Eye on Hospitality: Keep Employees Safe This Summer

Eye on Hospitality: Keep Employees  Safe This Summer

By Paul Schlienz

Summer is here. Restaurants and hotels are in the midst of one of the busiest times of the year, and it’s important to keep in mind that safety training is more important than ever when you have increased workloads on existing staff.

Restaurants employ a wide variety of staff, from front-of-the-house food and beverage service workers and back-of-the-house kitchen and food prep staff to office and administrative staff, and sometimes, delivery drivers. Each of these jobs has hazards that must be addressed in your accident prevention plan (APP). Know the rules and train your employees.

If you run a restaurant, don’t forget:

  • You must have a written APP addressing your workplace’s safety and health hazards.
  • If you employ 11 or more employees, you must establish a safety committee with regular (at least monthly) meetings.
  • Post L&I’s mandatory Job Safety and Health Law poster where employees can read it.
  • Provide eye protection (usually goggles) when using chemical solutions. Locate an eyewash station without obstructions so it takes no more than 10 seconds to reach it. ƒ
  • Train workers on chemicals used in your workplace, including safe handling and storage procedures, in a manner your workers can understand. ƒ
  • Provide Safety Data Sheets for each product; make them available to workers at all times.
  • Make sure workers have hand protection for each chemical being used.

And see L&I for more tips on how to create a safe work environment in your restaurant.

Here is a good overview on OSHA hotel regulations. And here are some ways Washington’s hotels are keeping the number of on-the-job injuries down.

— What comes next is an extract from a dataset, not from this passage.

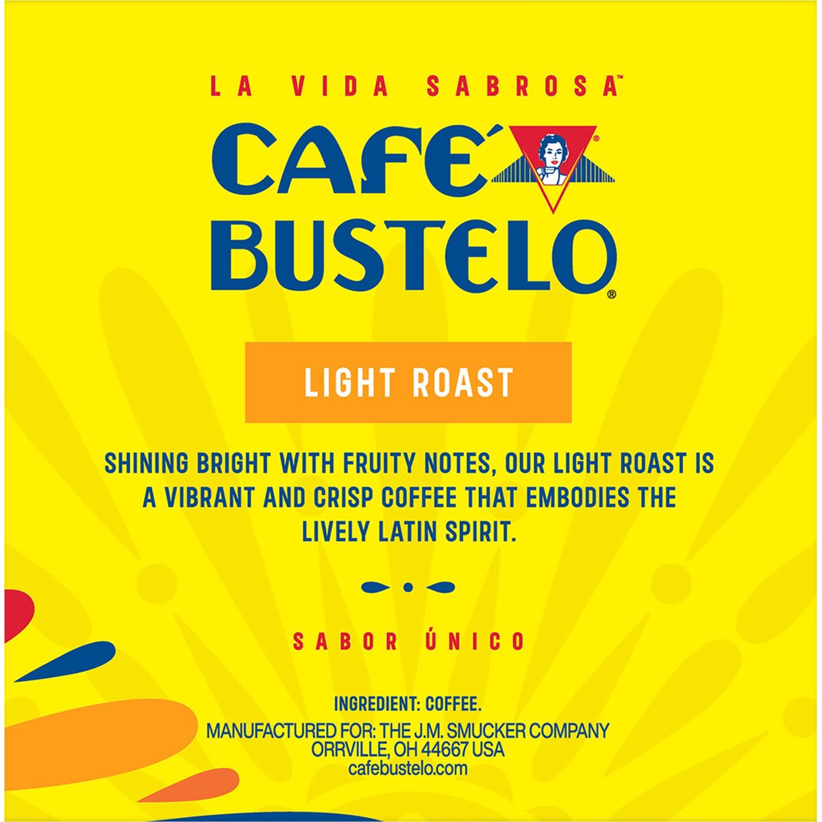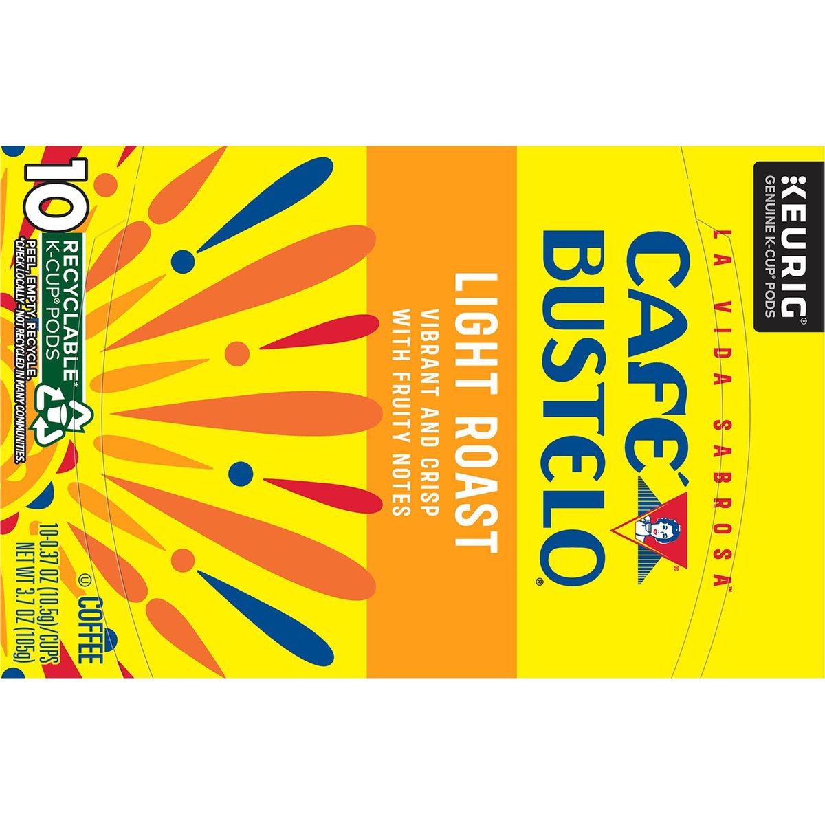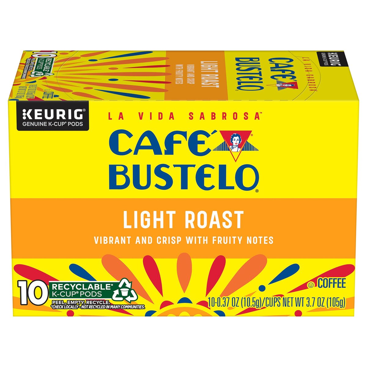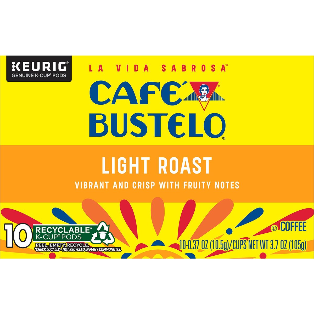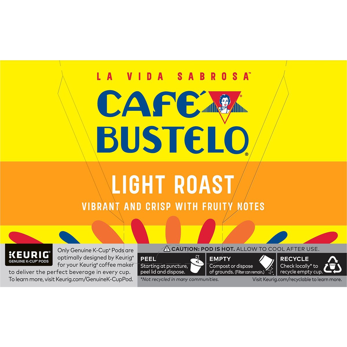 Vibrant and crisp with fruity notes. Only Genuine K-Cup Pods are optimally designed by Keurig for your Keurig coffee maker to deliver the perfect beverage in every cup. Since 1928. With nearly 100 years of coffee experience serving the Latin community, Cafe Bustelo embodies an iconic passion, energy and thirst for life. Our coffee is crafted for a bold and lively experience in every cup. With Cafe Bustelo, life is more flavorful! Shining bright with fruity notes, our light roast is a vibrant and crisp coffee that embodies the lively Latin spirit. cafebustelo.com. www.Keurig.com. how2recycle.info. Find us on Facebook.com/Keurig or Instagram.com/Keurig. To learn more, visit keurig.com/genuinek-cuppod. For more information about Cafe Bustelo products contact: the J.M. Smucker Company Orrville, OH 44667 USA; 1-800-990-9039/cafebustelo.com. For brewer inquiries contact: Keurig Green Mountain, Inc. 1-866-901-brew / 1-866-901-2739; www.keurig.com. This carton is made with recycled material. Recyclable* k-cup pods. Peel, empty, recycle. Peel: Starting at puncture, peel lid and dispose. Empty: Compost or dispose of grounds. (Filter can remain). Recycle: Check locally* to recycle empty cup. Visit Keurig.com/recyclable to learn more. * Check locally - not recycled in many communities. * Not recycled in many communities.

  • Radios for each worker: Improve your communication with an investment in a basic radio system. Workers can request assistance and supplies quickly to managers or the front desk, and alert hotel staff if they see anything detrimental to guests.
  • Throw a safety party! On the first day for new employees, some hotels are hosting health trainings covering HAZMAT, blood borne pathogens, general safety, harassment and personal injury prevention. This could also be done on a regular basis with your entire staff.
  • Stretch it out. At your daily morning meeting, have a team member lead the staff in stretching exercises to get their bodies ready for work.
  • Make it personal. Some hotels are going above and beyond for their employees by providing gym membership discounts, smoking cessation support and health and wellness training that improve their performance at work.
  • Bring in an expert. Hire a consultant to train employees how best to clean rooms and simple strategies to keep room attendants safe.

And don’t forget the Washington Hospitality Association’s Retrospective Rating (RETRO) program. As you work to create a safe workplace for your employees, RETRO is one thing you won’t want to ignore. It is one of the great benefits of Washington Hospitality Association membership, helping numerous members realize rebates on their workers’ compensation premiums because they follow our proven procedures. With our RETRO program, your safety ratings will improve, allowing you to also save money upfront on your L&I premiums. RETRO’s claims assistance will also save you valuable time.

RETRO gives you access to tools designed to help your business including the Stay at Work program, new hire safety orientation, mock safety inspections so you are always in compliance and accident reporting procedures. Our RETRO staff has access to L&I personnel to help resolve issues on our members’ behalf and RETRO’s annual refunds help you save money. Your employees are safer and you are well rewarded for your efforts. A true win – win.